作者:Eitan Greenshtein,Ya'acov Ritov 机构:Ya’acov Ritov 链接:https://arxiv.org/abs/2107.09296 摘要:让$f(y | θ),\θ在Ω$中是一个参数族,$eta(θ)$是一个给定的函数,$G$是一个未知的混合分布。希望根据独立观测值$Y_1,…,Y_n$估计$E_G(eta(theta))等价于eta_G$,其中$Y_isim f(Y | theta_i)$和$theta_isim G$是iid。我们研究了这个问题的广义极大似然估计。给出了这些估计量的一些基本性质和表示。特别地,我们对Kiefer和Wolfowitz(1956)的弱收敛结果提出了一个新的观点,并对$thetau 1,…,thetau n$是{it fixed}参数的相应设置进行了说明。我们还将上述估计$etau G$的问题与平方损失下的非参数经验Bayes估计联系起来。介绍了GMLE在抽样问题中的应用。通过仿真和实例验证了GMLE的性能。 摘要:Let $f(y|theta), ; theta in Omega$ be a parametric family, $eta(theta)$ a given function, and $G$ an unknown mixing distribution. It is desired to estimate $E_G (eta(theta))equiv eta_G$ based on independent observations $Y_1,...,Y_n$, where $Y_i sim f(y|theta_i)$, and $theta_i sim G$ are iid. We explore the Generalized Maximum Likelihood Estimators (GMLE) for this problem. Some basic properties and representations of those estimators are shown. In particular we suggest a new perspective, of the weak convergence result by Kiefer and Wolfowitz (1956), with implications to a corresponding setup in which $theta_1,...,theta_n$ are {it fixed} parameters. We also relate the above problem, of estimating $eta_G$, to non-parametric empirical Bayes estimation under a squared loss. Applications of GMLE to sampling problems are presented. The performance of the GMLE is demonstrated both in simulations and through a real data example.

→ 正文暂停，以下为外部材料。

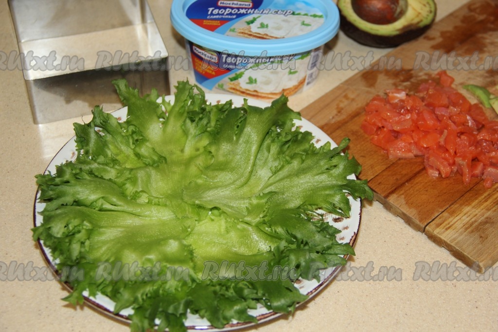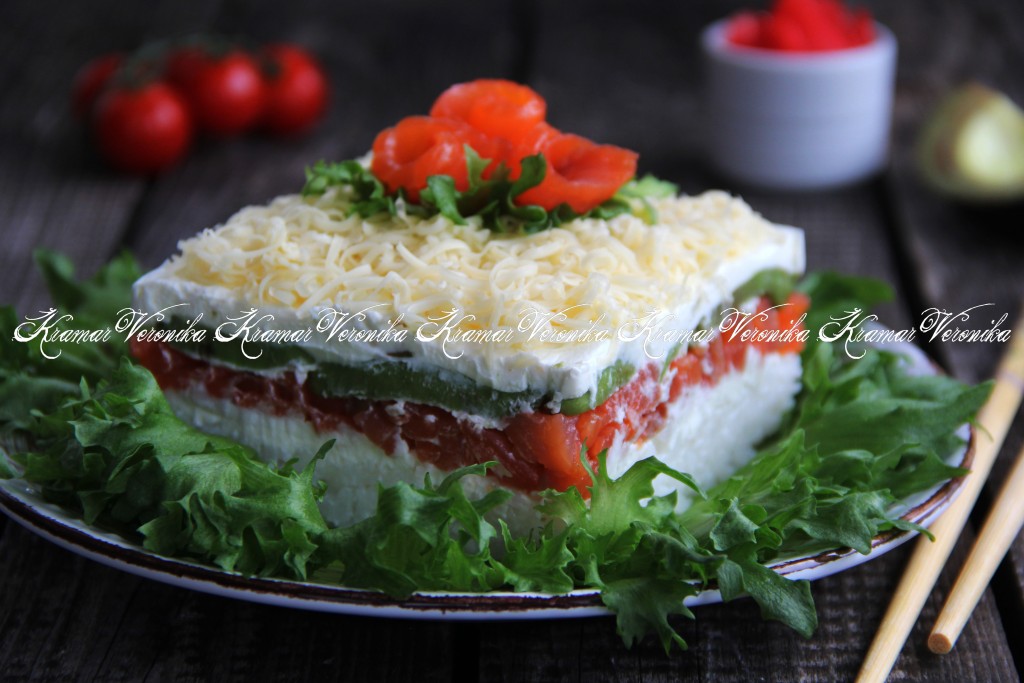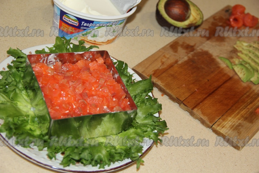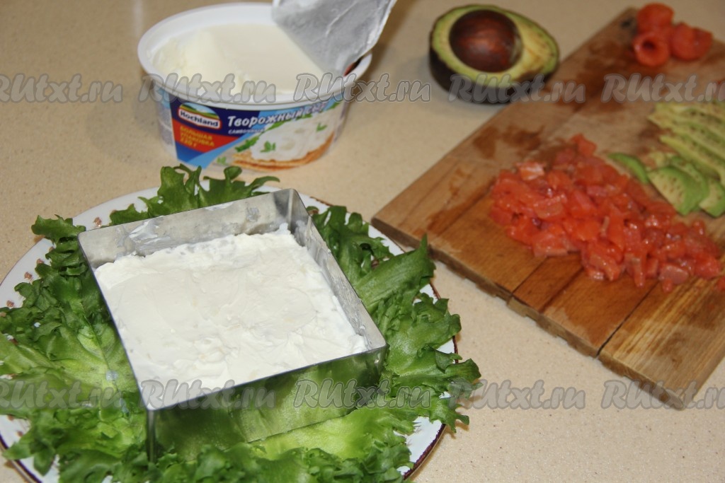 Следующим слоем выложить равномерно нарезанную красную рыбу и разровнять. Я оставила немного рыбы для украшения верхушки салата. Смазать рыбный слой творожным сыром.
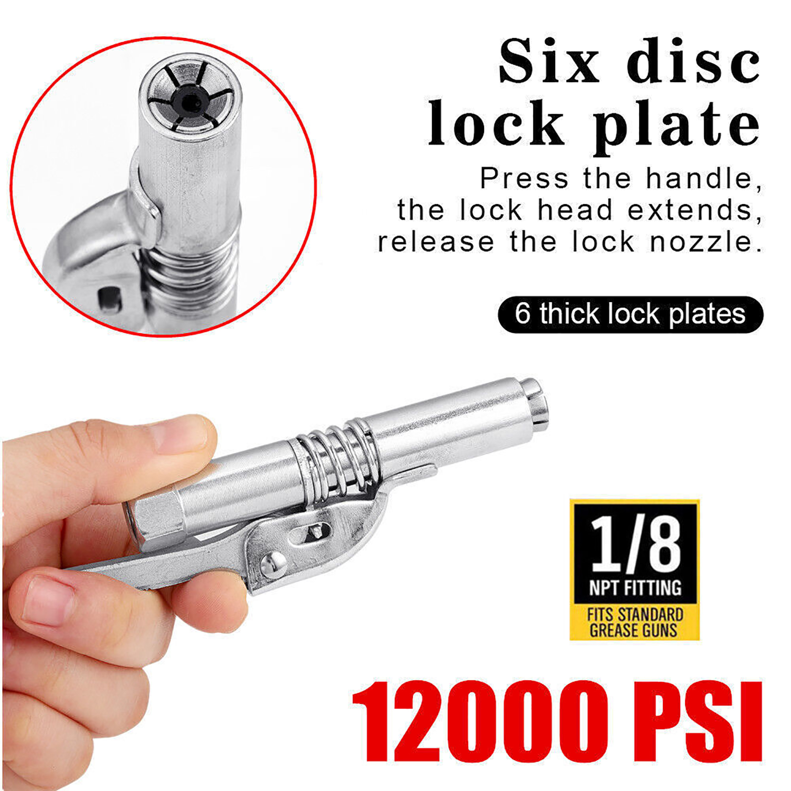 Unbranded 2Pcs 1/8” NPT Grease Gun Coupler Quick Lock Release Oil Injection Nozzle Tip

【19】 Conditional Wasserstein Barycenters and Interpolation/Extrapolation of Distributions 标题:条件Wasserstein重心与分布的内插/外推

作者:Jianing Fan,Hans-Georg Müller 机构:Department of Statistics, University of California, Davis, CA , USA 备注:42 pages, 15 figures 链接:https://arxiv.org/abs/2107.09218 摘要:越来越复杂的数据分析任务促使人们研究多变量连续随机变量的分布对标量或向量预测值的依赖性。迄今为止,分布响应的统计回归模型主要针对一维响应分布的情况进行了研究。本文研究了在分布空间中采用2-Wasserstein度量时多变量响应分布的情况。挑战在于,与单变量情形不同的是,在具有2-Wasserstein度量的分布空间中,与测地线对应的最优传输对于多变量分布没有明确的表示。我们证明了在某些正则性假设下,欧氏预测空间中为测地线构造的条件Wasserstein重心在Wasserstein分布空间中形成了相应的测地线,并证明了如何利用条件重心的概念进行插值和外推分配。通过仿真和实例探讨了分布内插和外推的实用性。我们研究了全局类参数模型和局部类光滑模型来实现条件Wasserstein重心,并建立了相应估计的渐近收敛性。对于算法的实现,我们使用了Sinkhorn熵惩罚算法。以气候科学和老化研究中的应用为例,说明了条件Wasserstein重心和分布外推。 摘要:Increasingly complex data analysis tasks motivate the study of the dependency of distributions of multivariate continuous random variables on scalar or vector predictors. Statistical regression models for distributional responses so far have primarily been investigated for the case of one-dimensional response distributions. We investigate here the case of multivariate response distributions while adopting the 2-Wasserstein metric in the distribution space. The challenge is that unlike the situation in the univariate case, the optimal transports that correspond to geodesics in the space of distributions with the 2-Wasserstein metric do not have an explicit representation for multivariate distributions. We show that under some regularity assumptions the conditional Wasserstein barycenters constructed for a geodesic in the Euclidean predictor space form a corresponding geodesic in the Wasserstein distribution space and demonstrate how the notion of conditional barycenters can be harnessed to interpolate as well as extrapolate multivariate distributions. The utility of distributional inter- and extrapolation is explored in simulations and examples. We study both global parametric-like and local smoothing-like models to implement conditional Wasserstein barycenters and establish asymptotic convergence properties for the corresponding estimates. For algorithmic implementation we make use of a Sinkhorn entropy-penalized algorithm. Conditional Wasserstein barycenters and distribution extrapolation are illustrated with applications in climate science and studies of aging.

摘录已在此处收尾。